Devlet âdil olmazsa ne olur

Devlet âdil olmazsa ne olur

İLHAN ORAL

Aslında adalet, kâinattaki dengeler sisteminin kıvamında mükemmel halidir. Deforme olmaz. Sarsılma ihtimali yoktur. Karışık bir görünüm vermez, izafileşmez.

Kâinat denilen uçsuz bucaksız âlemin sistemi bu denklem üzere kurulmuştur. On beş milyar yıllık bir süreçten söz ediliyor. Bu dengeler sistemi olan adalet o günden bugüne kadar süregelmiş ve yer küremizde de doğal akışı devam etmiştir. Bütün bunlara rağmen insan doğal dengesini kuramamış sürekli yalpalamıştır.

Bu yüzden de nice kavim, nice toplum, nice devlet ve nice medeniyet adaletten uzaklaştıklarında helak olmuşlardı. Bunlar sürekli olarak fıtrat zıddına çalkantılar, sarsıntılar yaşamışlar. Bu yüzden de ne soy, ne devlet ve ne de medeniyetleri kalmıştır.

Akıllı varlık olması ona bir fayda sağlamamış nice kahredici afet ve felaketlerle silinip gitmişlerdir. İnsanlar adaletten ayrılmayıp hayatın her alanında dengeli olarak yaşamaları aslında kendileri için daha çok faydalıdır. Bunun zıddına toplumun yetkili olan sorumluları veya musluk başını işgal etmiş görevliler eşit paylaşıma özen göstermedikleri takdirde toplum katmanları arasında sınıflaşmalar anormalleşir.

Bugün nice yetkili kişi ve devlet kurumu birçok alanda temsil ettikleri millet ile gelir paylaşımında orantısız olarak ara açmıştır. Bu dengesiz gelişme aşılması güç bir engeldir. Kaldı ki, paylaşımdan hisse alma peşinde olup heyecanlananlar "kırmızı kartla" meydana çıktılar. Mağdûr olup, toplumu mevcut iktidarı çökertme rolündeki yetkili için mendil açmaya başladılar. Çünkü ilgili, gerçekten vergi zulmü ile dar gelirlinin ümüğünü sıktı. Her şeyde olduğu gibi vergide de bir limit vardır. O "haktır."

"Hakkın dışında ne varsa zulümdür." Zulüm ise zevale mahkûmdur.
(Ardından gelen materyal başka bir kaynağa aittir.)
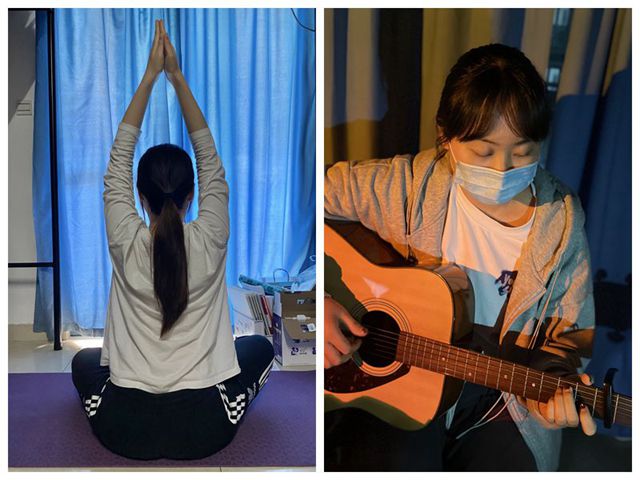 没有专门的舞台,澳门葡京娱乐 学生们以宿舍为单位、以寝室为舞台,在这一番小小天地中发挥自己的特长,培养自己的兴趣,一样为生活增添缤纷色彩,散发如在舞台上一样的光芒。国航201班孙畅便是其中一员,弹着吉他唱着歌,解压与娱乐并行,给寝室生活带去别样的色彩。物流201施仪在寝室也不忘记进行舞蹈动作练习,为线下再一次登台做准备。“自律给我自由”是学生们的信念,学生们调整好自己的生活规律,足不出户也能实现运动达标,瑜伽、杠铃、帕梅拉,深蹲、跳绳、燃脂操,不仅强健了体魄,燃烧了卡路里,更舒缓了焦躁不安的内心。国航186张子琪和国航196崔雨晴专门事先录制好太极拳视频在线上鼓励其他同学一起锻炼。国航196的柯振宇同学也通过录制视频给同学们带来一些在房间就能完成的简易拉伸动作的示范,提醒同学不要疏于锻炼,非常时期大家一起共渡难关。
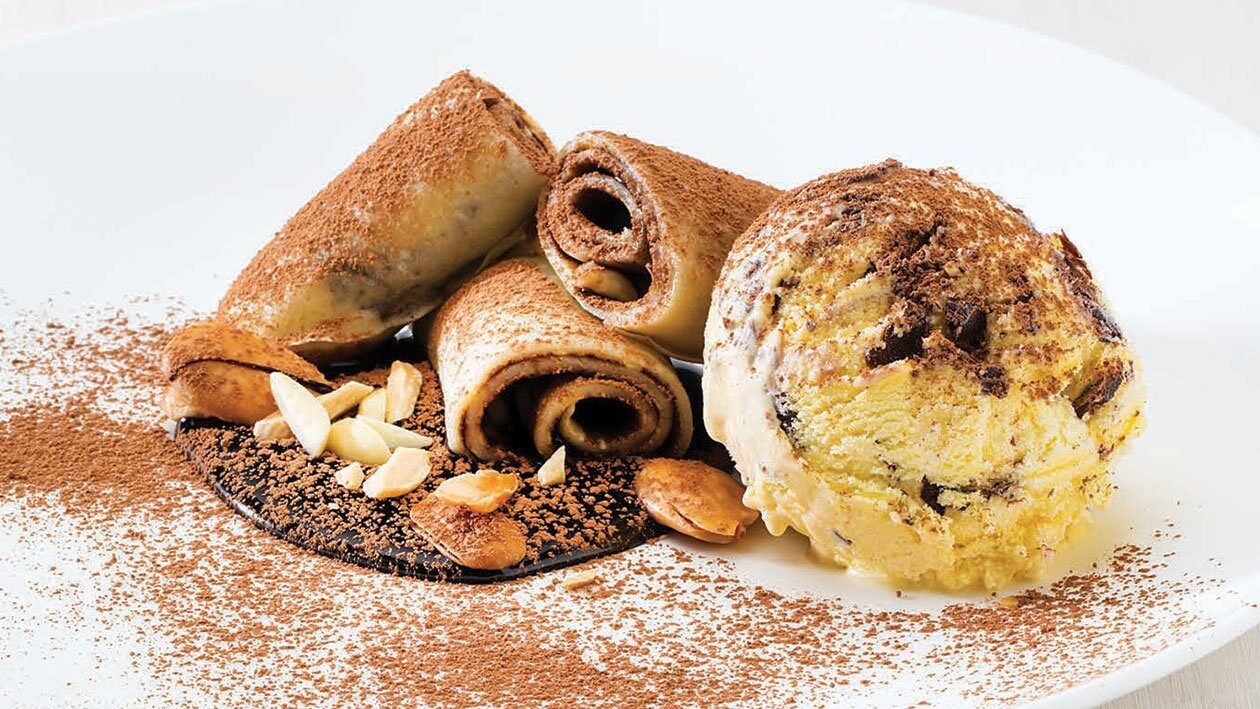 • Barrar o crepe com Carte D'Or Topping de Chocolate, enrolar e cortar em 3;
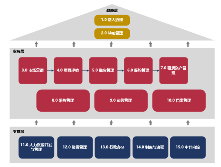搭建分類流程體系框架,梳理流程總圖,確保最終的流程體系能夠支撐公司業(yè)務(wù)發(fā)展。
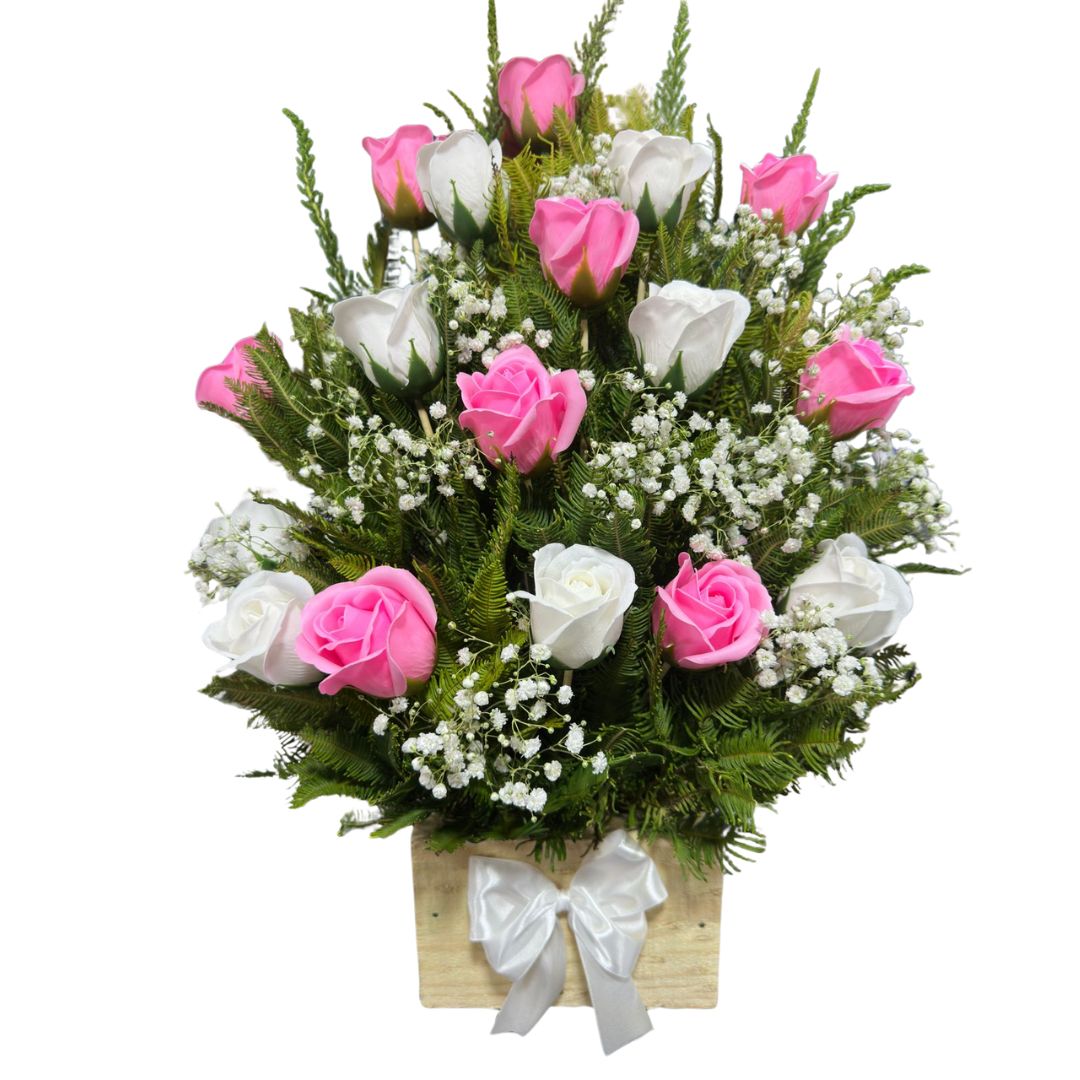 Base de 18 Rosas Blancas y Rosadas Eternas
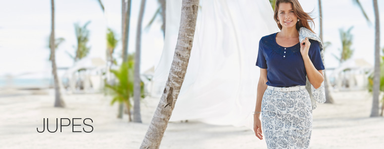 La jupe peut être unie (rouge, blanche, kaki, jaune, vert, rose, bleu, marine) ou avoir un imprimé fleuri, jungle ou rayé. Damart propose des matières comme la maille milano Perfect Fit, pour afficher une silhouette harmonieuse avec des tissus gainants et confortables.
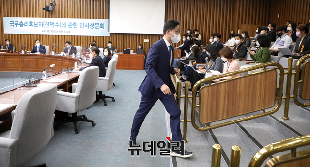 강병원 더불어민주당 의원이 25일 오전 국회에서 열린 한덕수 국무총리 후보자 인사청문회에서 후보자의 자료제출 미비에 항의하며 퇴장하고 있다. (사진=공동취재단)

Aslında böylesi artarak gelişen zulümler birer sinsi proje izlenimi vermektedir. Açıkçası bunlar da temel boşaltma hamlelerdir. Onun için bu icraatlar Cumhurbaşkanı R. Tayyip Erdoğan'ın önüne kurulan birer sinsi tuzaktır. Kendilerini de teşhir etmektedirler. Dahası onun gölgesinde devleti, çıkar devşirme peşinde olanlar da işi tarihi dönüm noktasına sürüklemektedir. Bu da adaleti berhava ederek ne hale düşürdükleri de dedikodulara malzeme olarak kullanılmakta ve yıpratmaktadırlar.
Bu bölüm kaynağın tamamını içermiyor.